En enero de 2007, científicos de la Universidad de Alberta y de la Universidad de Calgary completaron el primer borrador del metaboloma humano. La Base de Datos del Metaboloma Humano (HMDB, por sus siglas en inglés) es quizás la base de datos espectral metabolómica pública más extensa hasta la fecha [30] y es una base de datos electrónica de libre acceso (www.hmdb.ca) que contiene información detallada sobre los metabolitos de moléculas pequeñas que se encuentran en el cuerpo humano. Está destinada a ser utilizada en aplicaciones de metabolómica, química clínica, descubrimiento de biomarcadores y educación general. La base de datos está diseñada para contener o vincular tres tipos de datos:

  1. Datos químicos,
  2. Datos clínicos y
  3. Datos de biología molecular/bioquímica.

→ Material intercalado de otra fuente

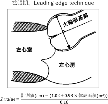 Marfan症候群の診断および治療方針の決定には,心臓超音波を用いた大動脈基部拡張の評価が重要である.Valsalva洞径のZ value≥2を大動脈基部拡張ありと判断するが,改訂ゲント基準においては,Z value≥3が家族歴のある小児における基準になっていることに注意する.小児においては,成長に伴い大動脈基部径の絶対値が増加することが想定されるため,経時的変化はZ valueで比較する.小児においては様々なValsalva洞径のZ valueの計測方法・計算式がある.改訂ゲント基準でも,米国マルファン財団のホームページに記載されている収縮期のInner-edge法やRomanらの報告にある拡張期のLeading edge法の両方が記載されているが,当院では後者を用いている(Fig. 4)7).診断だけでなく治療適応を検討する際にも,Romanらと同様の方法で大動脈基部径を計測するのが一般的だが,この方法は験者間のばらつきが比較的大きい方法であるため,特に経時的変化を評価する際には注意が必要である.Fig. 5に示すように,多くのMarfan症候群の患者において,大動脈基部の短軸像は円形というより三角形に近い形状をしている.そのため筆者は,短軸像で三角形の高さにあたる部分の距離を計測した後に,その短軸で計測した方向の断面を長軸で描出し,大動脈基部径の計測を行っている.正しい断面の描出ができている場合は,短軸と長軸の計測径は一致し,再現性高く大動脈基部の径を評価することができる.Romanらの報告のように,心室の長軸にあわせて大動脈基部を描出した場合,Fig. 4のシェーマにあるようにValsalva洞は胸壁側も背側も膨らんで見えるが,Fig. 5の方法では背側のValsalva洞はほぼ直線状に描出される.小児のMarfan症候群で,経時的変化を評価する際は,再現性の高いFig. 5の方法が有用である.小児期に大動脈弁閉鎖不全を認めることはまれであるが,特に基部拡張が進行した例では注意する.最終的に手術適応を評価する際は,造影CTで動脈瘤の大きさの評価を行うが,その際は動脈瘤の最大短径の計測を行う8).

La base de datos contiene 220.945 entradas de metabolitos, incluidos metabolitos solubles en agua y solubles en lípidos. Además, 8.610 secuencias de proteínas (enzimas y transportadores) están vinculadas a estas entradas de metabolitos. Cada entrada de MetaboCard contiene 130 campos de datos, de los cuales 2/3 están dedicados a datos químicos/clínicos y el otro 1/3 a datos enzimáticos o bioquímicos. [31] La versión 3.5 de la HMDB contiene >16.000 metabolitos endógenos, >1.500 fármacos y >22.000 constituyentes de alimentos o metabolitos de alimentos. [32] Esta información, disponible en la Base de Datos del Metaboloma Humano y basada en el análisis de la información disponible en la literatura científica actual, está lejos de ser completa. [33] En cambio, se sabe mucho más sobre los metabolomas de otros organismos. Por ejemplo, se han caracterizado más de 50.000 metabolitos del reino vegetal y se han identificado y/o caracterizado muchos miles de metabolitos de plantas individuales. [34] [35]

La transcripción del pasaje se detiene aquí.